* [PROBLEM REQUIREMENTS]
Return the listing below unchanged, minus its pictures.

* [DATA PROVIDED]
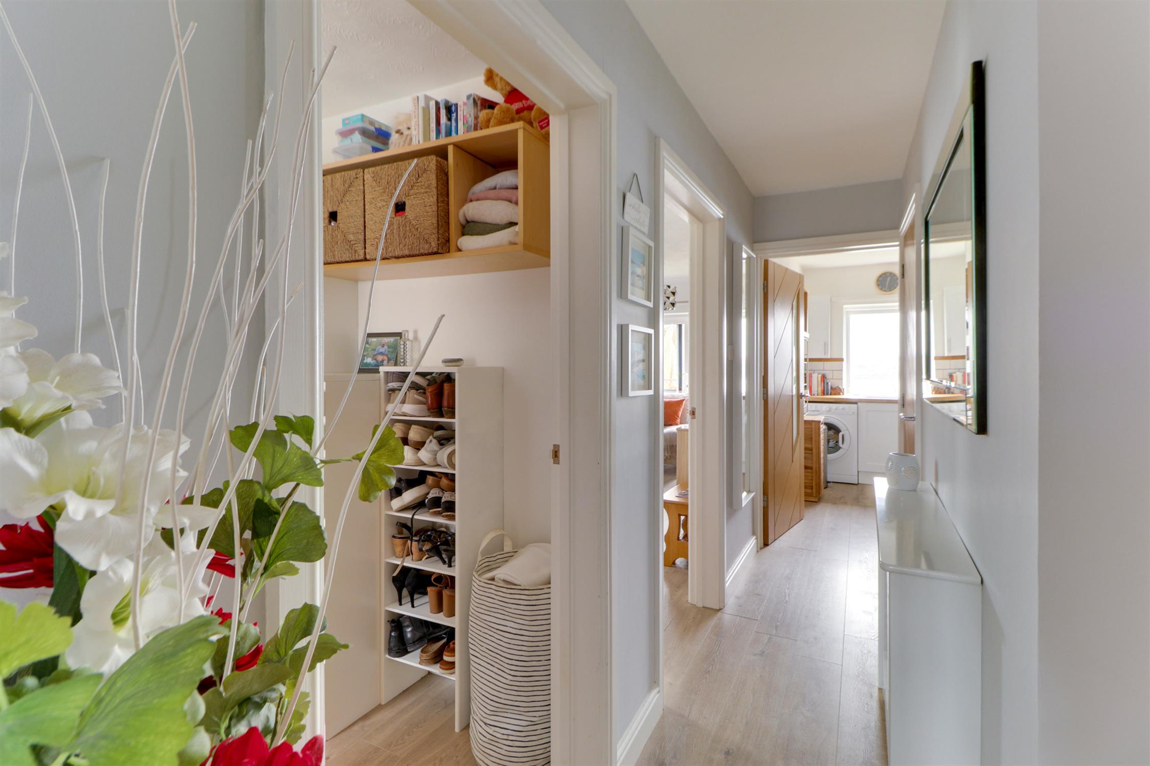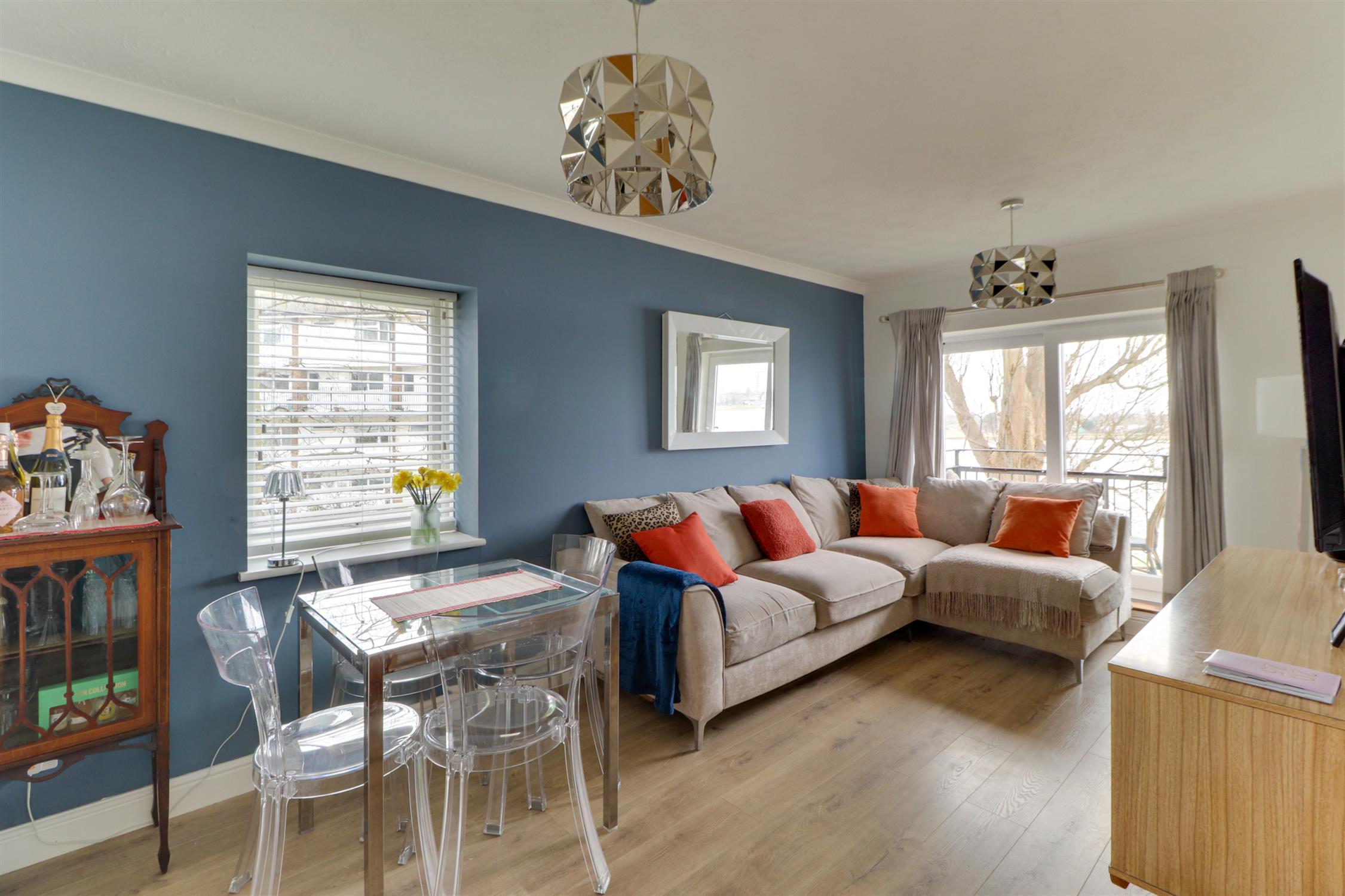 Textured and coved ceiling, dual-aspect UPVC double-glazed windows and doors to balcony, radiator and laminate flooring.
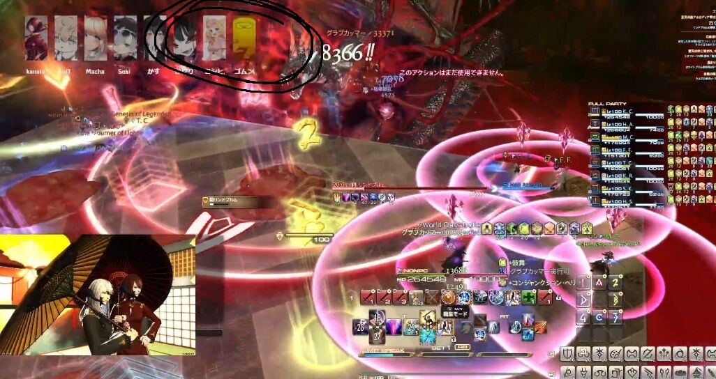 最初の画像でタンヒラについているオレンジの円形デバフは時間切れで円形AoE(散開)。
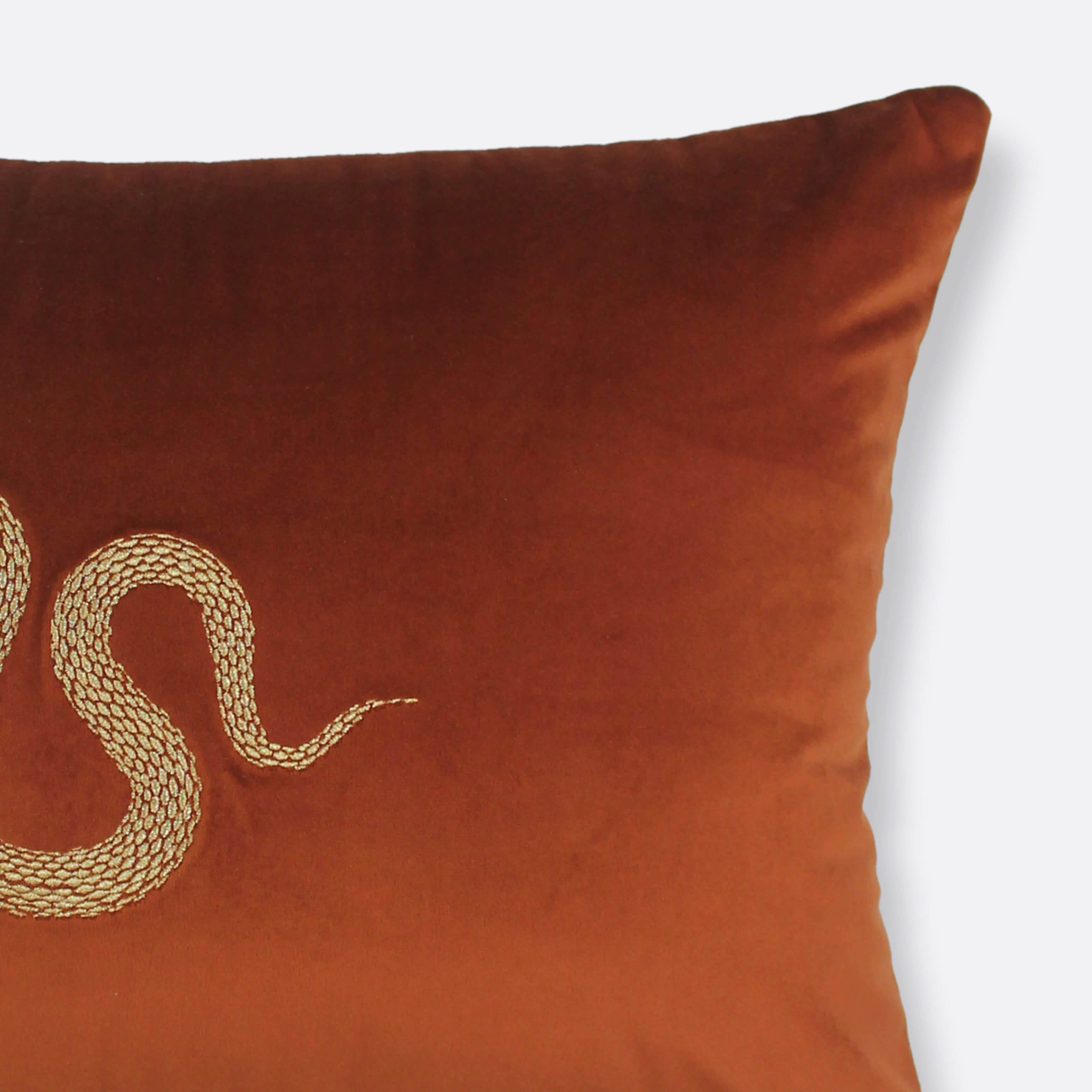 The Amber Snake Lumbar Cushion Cover reimagines the mystique of the serpent in a refined, modern form. Embroidered in gold thread on deep amber velvet, it makes a striking accent for sofas, reading chairs, or layered bedding. Its elongated shape adds dimension while the texture invites touch.
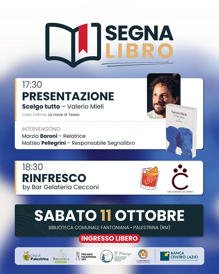 L’associazione Il Principe Aps, nell’ambito del Progetto Segnalibro, è lieta di annunciare un evento culturale d’eccezione: sabato 11 ottobre 2025, alle ore 17:30, si terrà la presentazione dell’ultimo libro di Valerio Mieli “Scelgo tutto” edito da La Nave di Teseo.

* [TASK RESULT]
 Textured and coved ceiling, dual-aspect UPVC double-glazed windows and doors to balcony, radiator and laminate flooring.
 最初の画像でタンヒラについているオレンジの円形デバフは時間切れで円形AoE(散開)。
 The Amber Snake Lumbar Cushion Cover reimagines the mystique of the serpent in a refined, modern form. Embroidered in gold thread on deep amber velvet, it makes a striking accent for sofas, reading chairs, or layered bedding. Its elongated shape adds dimension while the texture invites touch.
 L’associazione Il Principe Aps, nell’ambito del Progetto Segnalibro, è lieta di annunciare un evento culturale d’eccezione: sabato 11 ottobre 2025, alle ore 17:30, si terrà la presentazione dell’ultimo libro di Valerio Mieli “Scelgo tutto” edito da La Nave di Teseo.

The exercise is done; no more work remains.